= Tan Che Sang =

Singaporean businessman (1763–1835)

Tan Sang (陈送 (陳送, Chén Sòng); 1763 — 2 April 1835), better known as Tan Che Sang (陳叔送), was a pioneering merchant in Singapore.

==Early life==
It's generally believed that Tan was born in the Minnan region of Fujian in 1763 to a Hoklo family. Historian Hsu Yun Tsiao placed his hometown as most likely Zhangzhou or Quanzhou. Earlier accounts identified him as Cantonese and his birthplace as Guangzhou, which author Richard Edward Hale attributes to a misread document that spells Tan's place of origin as "Guanzhou". It's also established that Tan was a Southern Min speaker and involved in the Hokkien community, with Hale further noting that the surname Tan is spelled Chan in Cantonese. Hsu proposed that Tan's proper name was Tan Sang (alternately romanized as Ch'en Sung) and "Che" simply a title of respect meaning "uncle" (叔) in Southern Min.

==Career==
Tan, aged 15, left Fujian in 1778 and went to Riau. He then moved to Penang, where he stayed for 10 years, after which he left for Malacca, where he first met William Farquhar.
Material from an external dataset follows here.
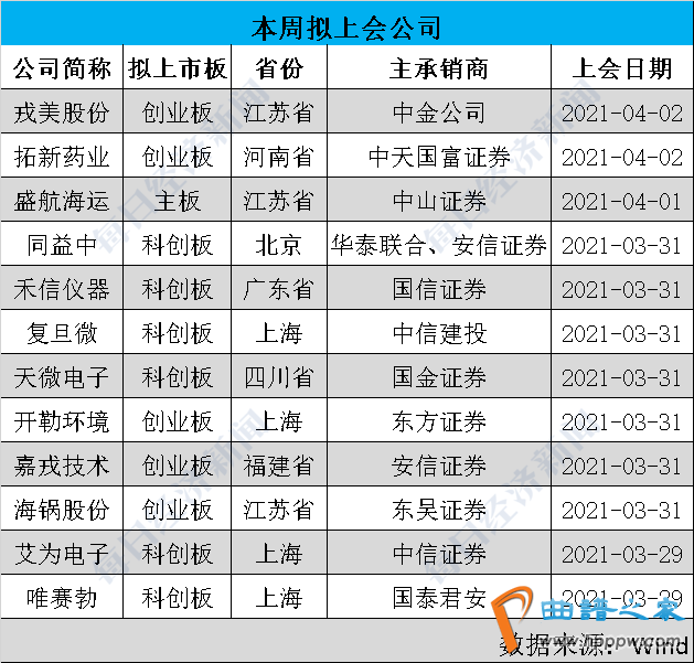 本周,将有12家公司迎来上会。相比前一周8家上会的数量明显增多。其中,主板市场有盛航海运1家公司;注册制下的创业板和科创板,则有同益中、复旦微、天微电子、海锅股份、嘉戎技术、开勒环境、禾信仪器、艾为电子、唯赛勃、戎美股份、拓新药业等11家公司上会。

In 1819, Tan and several merchants left for the newly established settlement on the island of Singapore. When Tan arrived, he purchased a warehouse on High Street from Farquhar, who was the Resident of Singapore, and became an agent for Chinese junks. He later moved his warehouse to Commercial Square. Tan also acquired several sites near the square for his business. He encouraged Chinese immigration by offering to stand surety for newcomers who wished to obtain goods on credit. According to Sir Song Ong Siang, it was said that Tan "used to boast that he wielded so much influence over the Chinese section that any day he said the word he could empty the place of all the Europeans." According to historian Yen Ching-hwang, he was "probably powerful in the underworld".

==Personal life and death==
Tan was reputed to have been a miser and a gambler. He was alleged to have unsuccessfully attempted to curb his gambling addiction by cutting off the first joint of one of his little fingers. Historian Constance Mary Turnbull wrote that Tan "had no social contact with the ruling community, and was a strange, withdrawn man, an inveterate gambler obsessed with making money, and reputed to sleep with his money chests in his bedroom." He built a house in Kampong Glam, which he sold to a Mr. Ker. The house was later sold to Christian Baumgarten.

Tan died on 2 April 1835. His funeral, which was attended by somewhere around 10,000 to 15,000 people, was held on 13 April. Following his death, several of his descendants were embroiled in major lawsuits over his legacy. He was the first Chinese person mentioned in Charles Burton Buckley's An Anecdotal History of Old Times in Singapore.